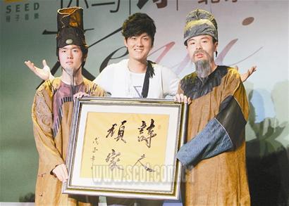 因為與“詩”有關,在昨日的發(fā)布會上,最先上場的不是主角吳克群,而是“穿越時空”前來捧場的中國古代先賢:最著名的大詩人“李白”、“杜甫”。在現(xiàn)場所有人的驚呼聲中,兩位年輕演員所扮演的大詩人,卻顯得心神不定,他們鋪墊說:“得知今天有一位學貫古今、又能寫詩、又能唱歌的當世才子即將到來。”這時,吳克群才現(xiàn)身,并為兩位詩人解開了疑惑,還慨然應允“李白”、“杜甫”來考驗他,即興將兩位詩人的名句用吉他彈唱出來。吳克群的才華讓兩位“先賢”頻頻點頭,并當場宣布吳克群為“詩人頑家”并送上金匾。
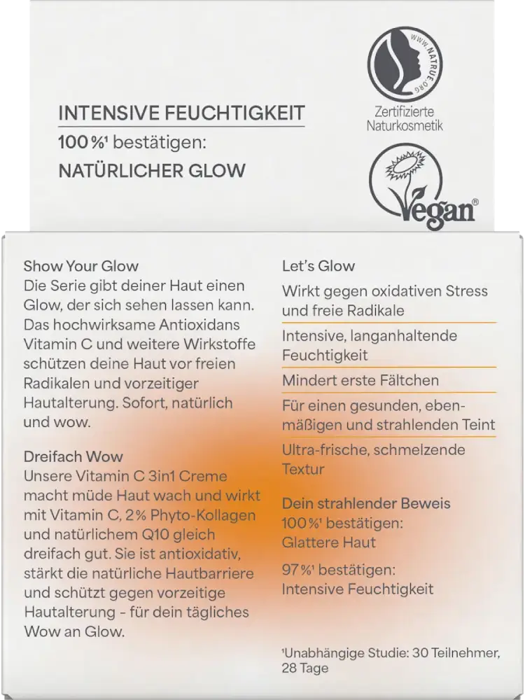 La crème visage Glow By Nature Vitamine C de lavera NATURKOSMETIK allie soin et protection dans une texture ultra fraîche. Grâce au Q10 naturel et à la vitamine C, elle peut aider à réduire les rides et à protéger la peau contre les dommages oxydatifs. Le phyto-collagène apporte une hydratation intense et forme un film protecteur qui renforce la barrière cutanée. L’action antioxydante de la vitamine C aide la peau à lutter contre les radicaux libres et à prévenir le vieillissement prématuré. Pour une peau éclatante, protégée et soignée – jour après jour.
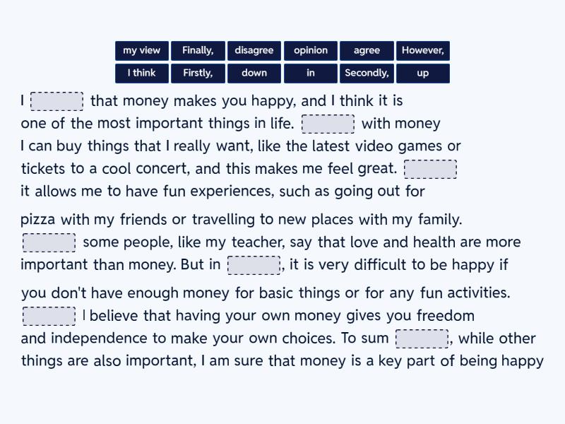 I ____ that money makes you happy, and I think it is one of the most important things in life. ____ with money I can buy things that I really want, like the latest video games or tickets to a cool concert, and this makes me feel great. ____ it allows me to have fun experiences, such as going out for pizza with my friends or travelling to new places with my family. ____ some people, like my teacher, say that love and health are more important than money. But in ____, it is very difficult to be happy if you don't have enough money for basic things or for any fun activities. ____ I believe that having your own money gives you freedom and independence to make your own choices. To sum ____, while other things are also important, I am sure that money is a key part of being happy
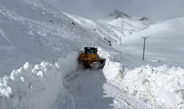Şırnak'ın Beytüşşebap ilçesinde karla mücadele ekipleri, kar kalınlığının 3 metreyi bulduğu bölgelerde yol açma çalışmalarını sürdürüyor.
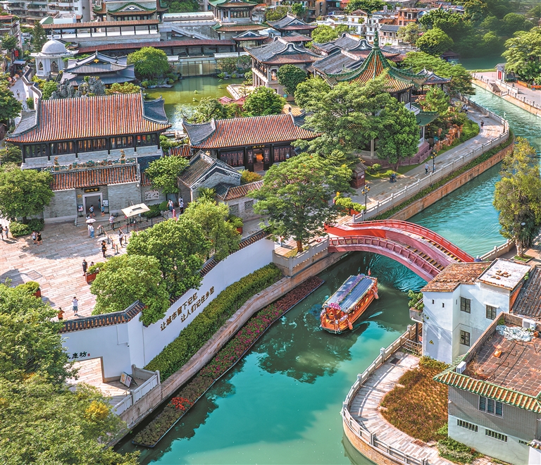 一湾溪水绿,两岸荔枝红。广州荔湾区自古风物荟萃、名胜云集,很早就成为对外贸易和中外文化交流活跃之地,被誉为“广州作为海上丝绸之路的起始地、岭南文化的中心地、近代中国革命的策源地和中国改革开放的前沿地”的缩影和窗口。在北片的西关片区,文商旅活力区正书写“老城市新活力”的故事;而在南片的芳村片区,广州市重点打造的世界级地标商圈白鹅潭商圈,正加速刷新珠江西岸城市界面。
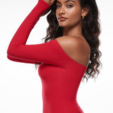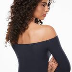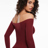 It is crafted from ultra-soft, stretchy fabric for a cozy fit. It features a flirty off-the-shoulder neckline, double-lined for coverage and warmth. The 4-way stretch and bodycon design provide a flattering fit, making it a versatile choice for any occasion.
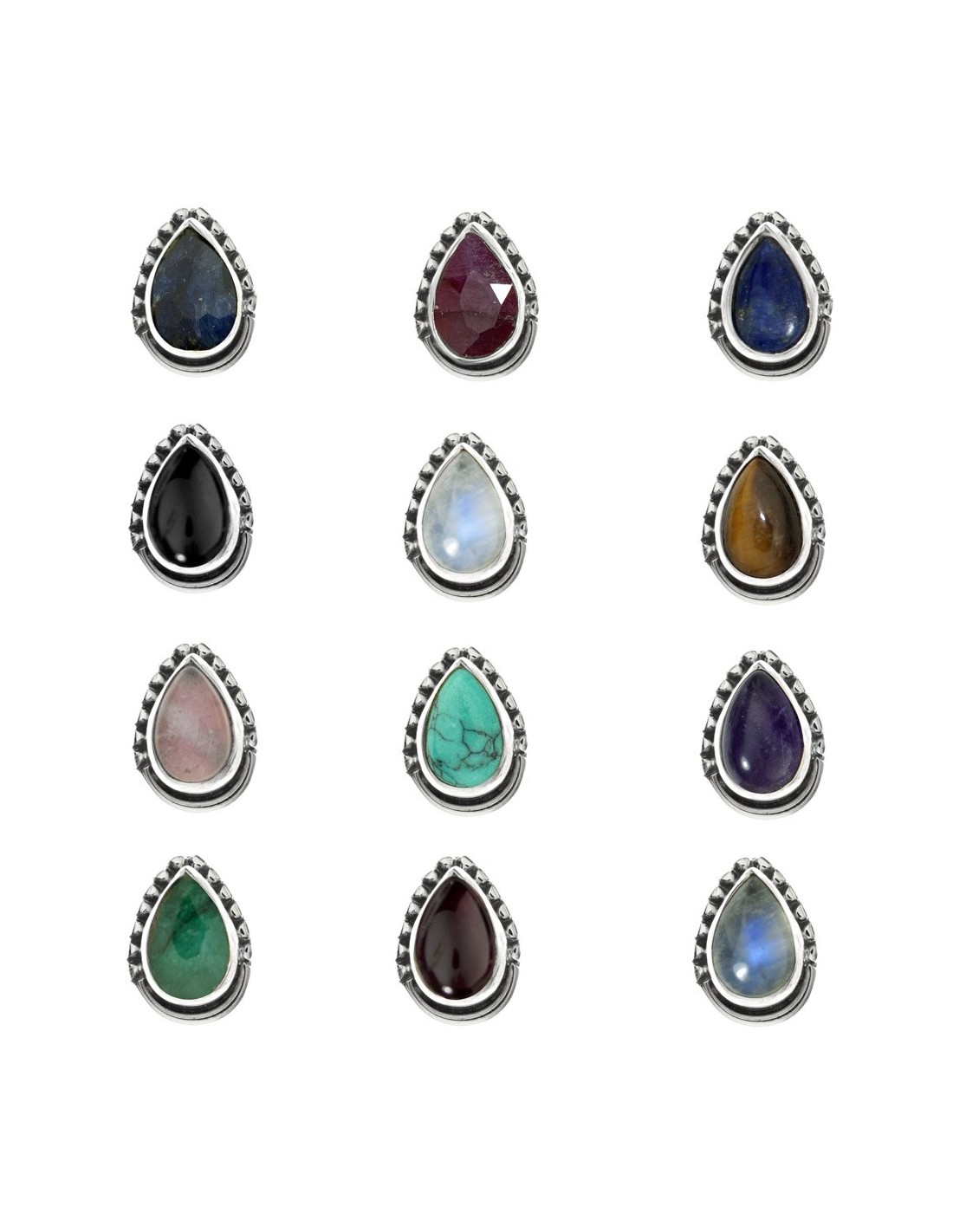 Pendientes gota mini piedra natural Plata de Ley

■ Work to complete
The entire listing above is to be copied exactly, with all pictures omitted.

■ Written solution
 因為與“詩”有關,在昨日的發(fā)布會上,最先上場的不是主角吳克群,而是“穿越時空”前來捧場的中國古代先賢:最著名的大詩人“李白”、“杜甫”。在現(xiàn)場所有人的驚呼聲中,兩位年輕演員所扮演的大詩人,卻顯得心神不定,他們鋪墊說:“得知今天有一位學貫古今、又能寫詩、又能唱歌的當世才子即將到來。”這時,吳克群才現(xiàn)身,并為兩位詩人解開了疑惑,還慨然應允“李白”、“杜甫”來考驗他,即興將兩位詩人的名句用吉他彈唱出來。吳克群的才華讓兩位“先賢”頻頻點頭,并當場宣布吳克群為“詩人頑家”并送上金匾。
 La crème visage Glow By Nature Vitamine C de lavera NATURKOSMETIK allie soin et protection dans une texture ultra fraîche. Grâce au Q10 naturel et à la vitamine C, elle peut aider à réduire les rides et à protéger la peau contre les dommages oxydatifs. Le phyto-collagène apporte une hydratation intense et forme un film protecteur qui renforce la barrière cutanée. L’action antioxydante de la vitamine C aide la peau à lutter contre les radicaux libres et à prévenir le vieillissement prématuré. Pour une peau éclatante, protégée et soignée – jour après jour.
 I ____ that money makes you happy, and I think it is one of the most important things in life. ____ with money I can buy things that I really want, like the latest video games or tickets to a cool concert, and this makes me feel great. ____ it allows me to have fun experiences, such as going out for pizza with my friends or travelling to new places with my family. ____ some people, like my teacher, say that love and health are more important than money. But in ____, it is very difficult to be happy if you don't have enough money for basic things or for any fun activities. ____ I believe that having your own money gives you freedom and independence to make your own choices. To sum ____, while other things are also important, I am sure that money is a key part of being happy
Şırnak'ın Beytüşşebap ilçesinde karla mücadele ekipleri, kar kalınlığının 3 metreyi bulduğu bölgelerde yol açma çalışmalarını sürdürüyor.
 一湾溪水绿,两岸荔枝红。广州荔湾区自古风物荟萃、名胜云集,很早就成为对外贸易和中外文化交流活跃之地,被誉为“广州作为海上丝绸之路的起始地、岭南文化的中心地、近代中国革命的策源地和中国改革开放的前沿地”的缩影和窗口。在北片的西关片区,文商旅活力区正书写“老城市新活力”的故事;而在南片的芳村片区,广州市重点打造的世界级地标商圈白鹅潭商圈,正加速刷新珠江西岸城市界面。
 It is crafted from ultra-soft, stretchy fabric for a cozy fit. It features a flirty off-the-shoulder neckline, double-lined for coverage and warmth. The 4-way stretch and bodycon design provide a flattering fit, making it a versatile choice for any occasion.
 Pendientes gota mini piedra natural Plata de Ley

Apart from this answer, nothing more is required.